We will give you the details of the customer’s Pharmacy Essentials Service order to allow you to process and fulfil it (Order Info).  You must not access or use any Order Info for any purpose other than the fulfilment of the Pharmacy Essentials Service order to which it relates in accordance with these terms.

We will also provide access to Protected Data at your request if you reasonably require access to deal with a customer Complaint or respond to a Data Subject Request.

  1. PROTECTED DATA OBLIGATIONS

The parties acknowledge and agree that, in respect of the Protected Data, each party is an independent controller. Each party shall comply with DP Laws and its obligations under these terms in connection with the access to and use of Protected Data. 

Each party may deal at its discretion with all Data Subject Requests and Complaints that it receives directly from a Data Subject or the person making the Complaint.

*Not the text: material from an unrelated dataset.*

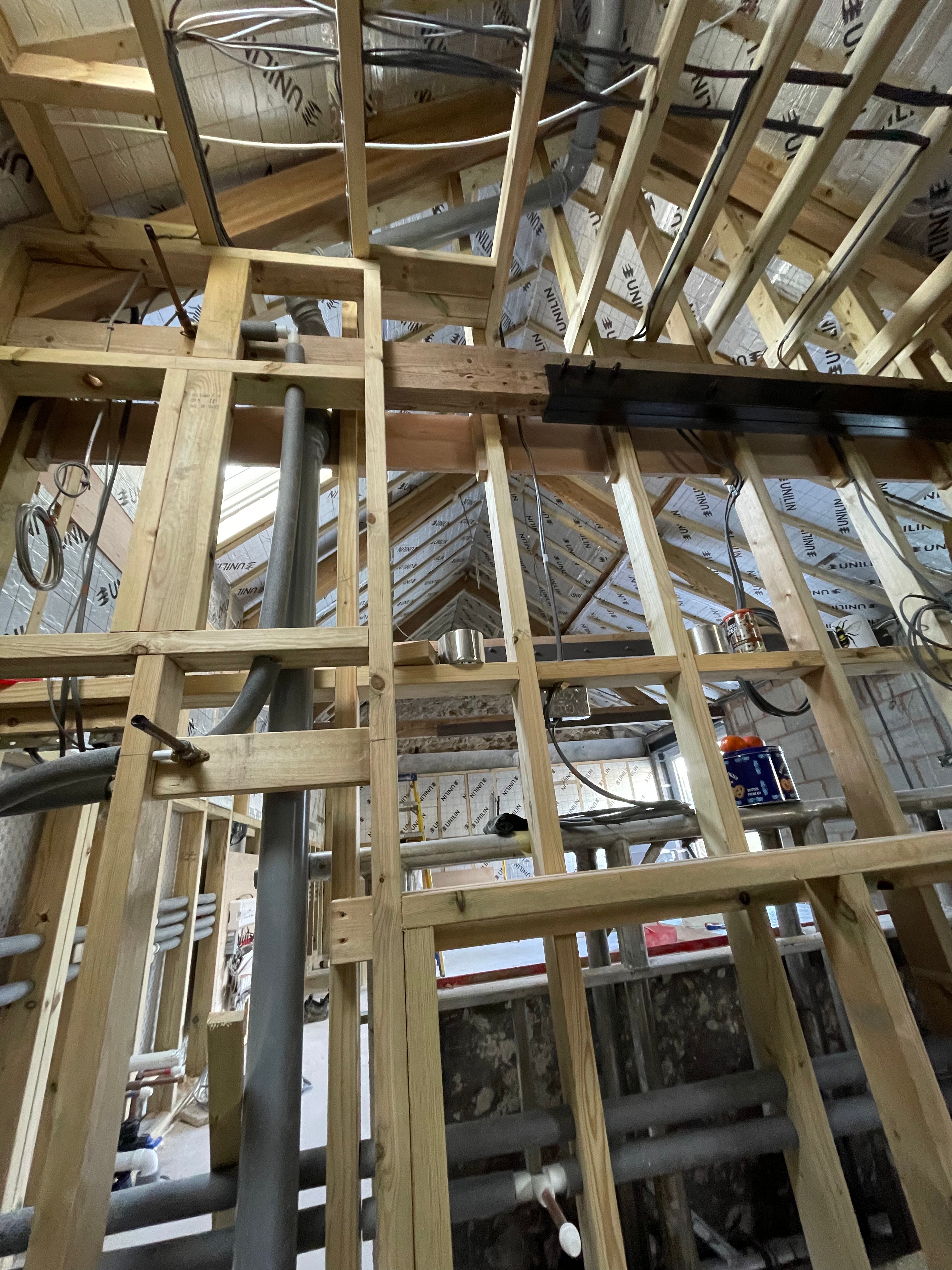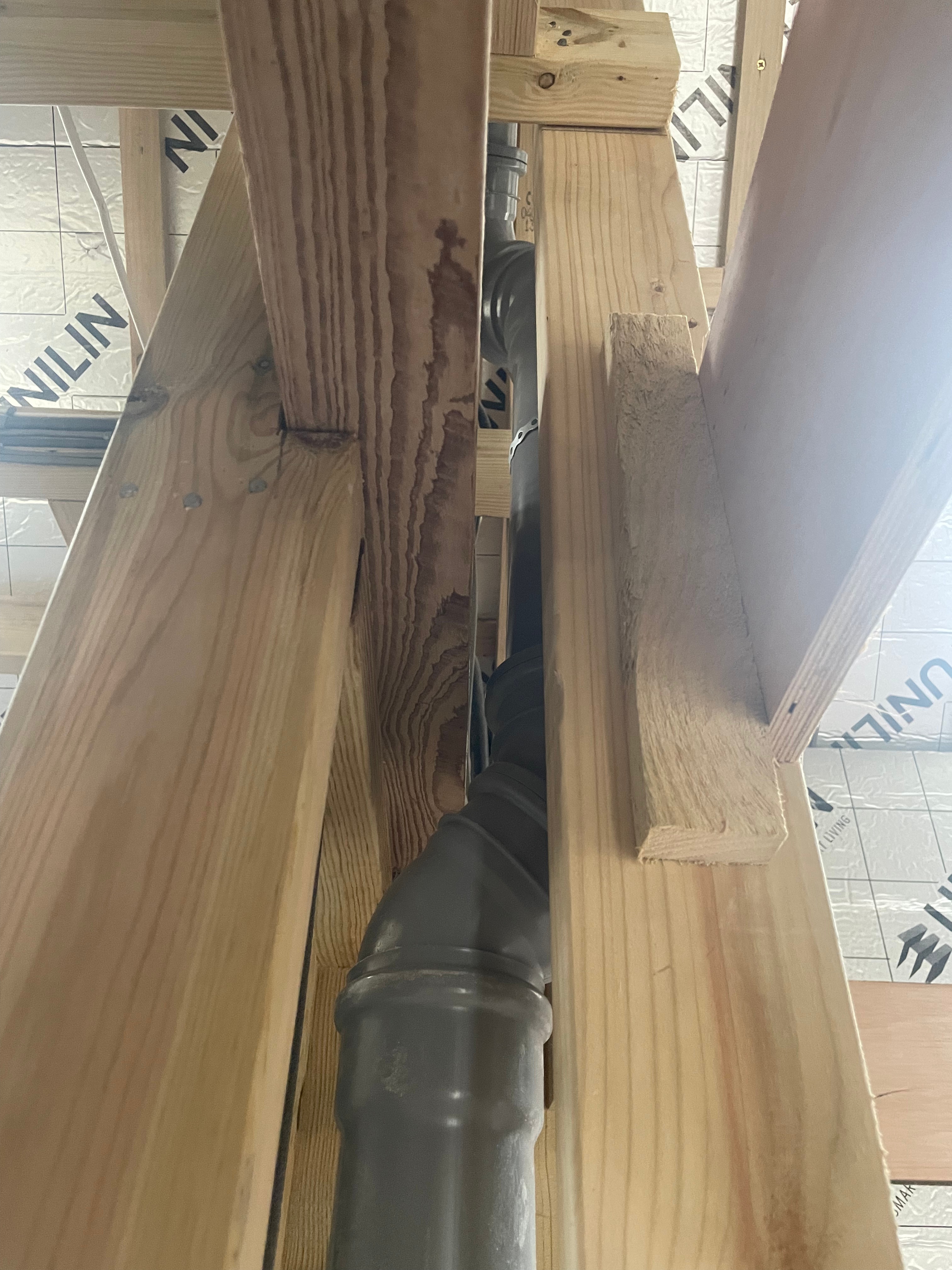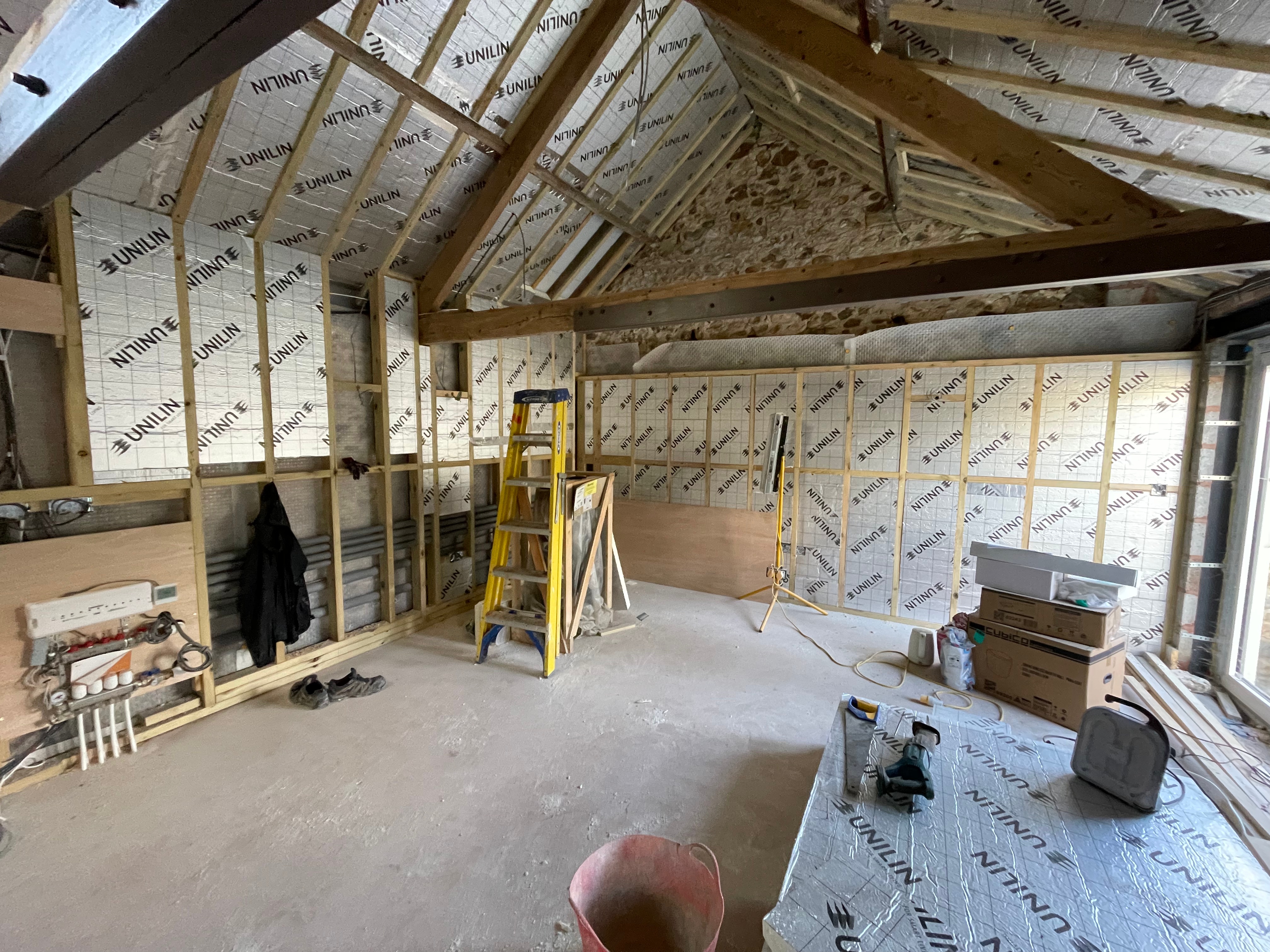 It’s been a busy week for our builders – with three trades on site. The plumbers arrived to do the plumbing first fix in the shower room and the kitchen. We now have pipes running within the stud walls, pipework up to the bottom of the toilet and sink in the bathroom, and the shower controls are in. Dean, our builder, installed the soil vent pipe for the toilet with some impressive manoeuvring required to avoid the structural beam that inconveniently happened to be right in the way! The extra work required to achieve this didn’t get in his way though as he’s now insulated most of the walls as well.
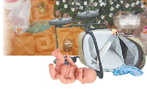 Картина предстала весьма неприглядная: на полу кругом мусор, окурки, пустые бутылки из-под водки и пива. Мать крепко спала на диване, ее так и не добудились, отец сам вынес ребенка из другой комнаты — голенького, в мокрой пеленке, найти какую-нибудь одежду для малыша не удалось, его увезли в больницу в пеленке и полотенце. После обследования у крохотного Димы был обнаружен закрытый перелом теменной кости.

Each party agrees to provide reasonable and prompt assistance to the other party as necessary to assist the other party to ensure compliance with its obligations under DP Laws and enable the other party to comply with Data Subject Requests and/or respond to other queries or Complaints received from Data Subjects or Supervisory Authorities, in each case related to the Protected Data.

To the extent permitted by law, you must not issue any public statement or notification about Protected Data without first obtaining Healthera’s consent.